◆ **How to complete this task**: Go to the line with "A boy has a" in the records below, then output it and each following line exactly, up to and including the line with "CXLE Pencil Holder". Skip pictures and add nothing.

◆ **Provided records**:
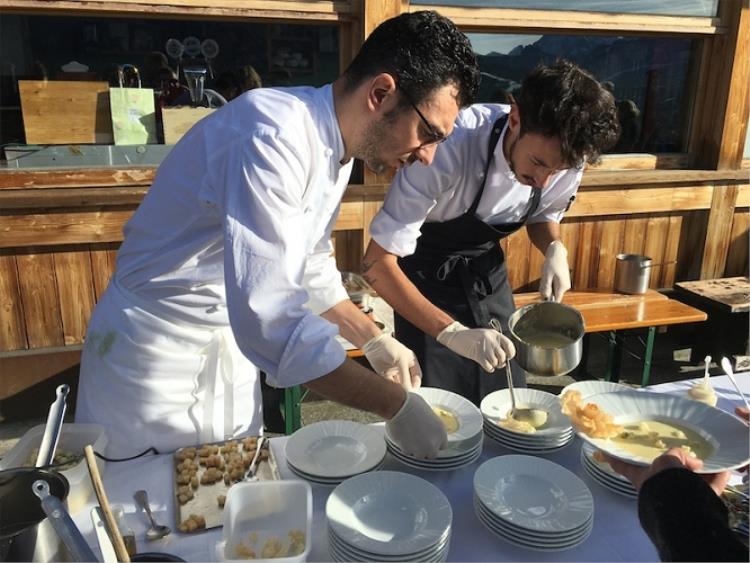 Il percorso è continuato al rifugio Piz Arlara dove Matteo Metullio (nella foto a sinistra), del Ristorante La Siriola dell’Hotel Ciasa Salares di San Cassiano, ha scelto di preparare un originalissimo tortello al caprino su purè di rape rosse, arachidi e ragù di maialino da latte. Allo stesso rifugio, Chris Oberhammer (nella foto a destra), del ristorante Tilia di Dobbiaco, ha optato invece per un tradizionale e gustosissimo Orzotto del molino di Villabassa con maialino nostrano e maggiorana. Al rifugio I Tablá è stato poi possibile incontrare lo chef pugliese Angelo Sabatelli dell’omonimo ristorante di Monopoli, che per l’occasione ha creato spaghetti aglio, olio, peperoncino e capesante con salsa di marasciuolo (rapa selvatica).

---

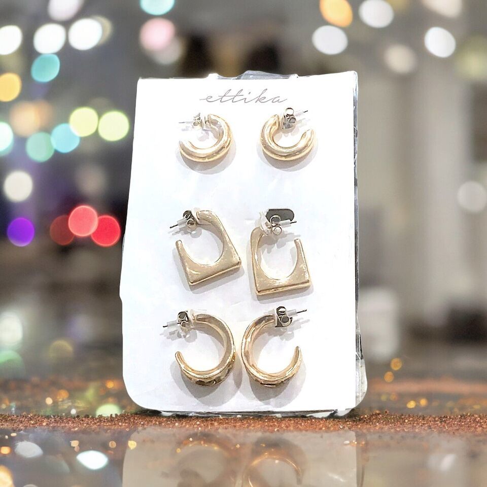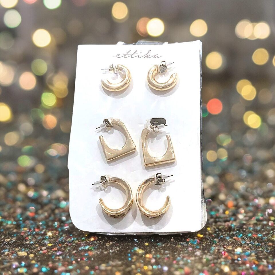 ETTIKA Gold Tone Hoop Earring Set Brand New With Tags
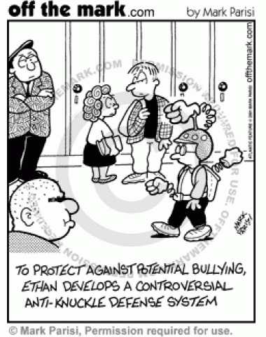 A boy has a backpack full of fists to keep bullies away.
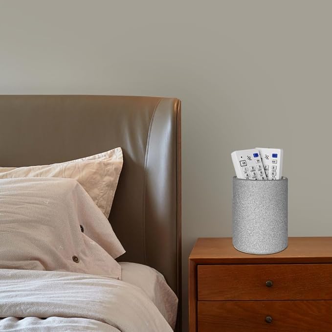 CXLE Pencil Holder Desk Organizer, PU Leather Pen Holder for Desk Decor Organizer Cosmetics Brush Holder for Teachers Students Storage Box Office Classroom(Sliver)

◆ **Exercise response**:
 A boy has a backpack full of fists to keep bullies away.
 CXLE Pencil Holder Desk Organizer, PU Leather Pen Holder for Desk Decor Organizer Cosmetics Brush Holder for Teachers Students Storage Box Office Classroom(Sliver)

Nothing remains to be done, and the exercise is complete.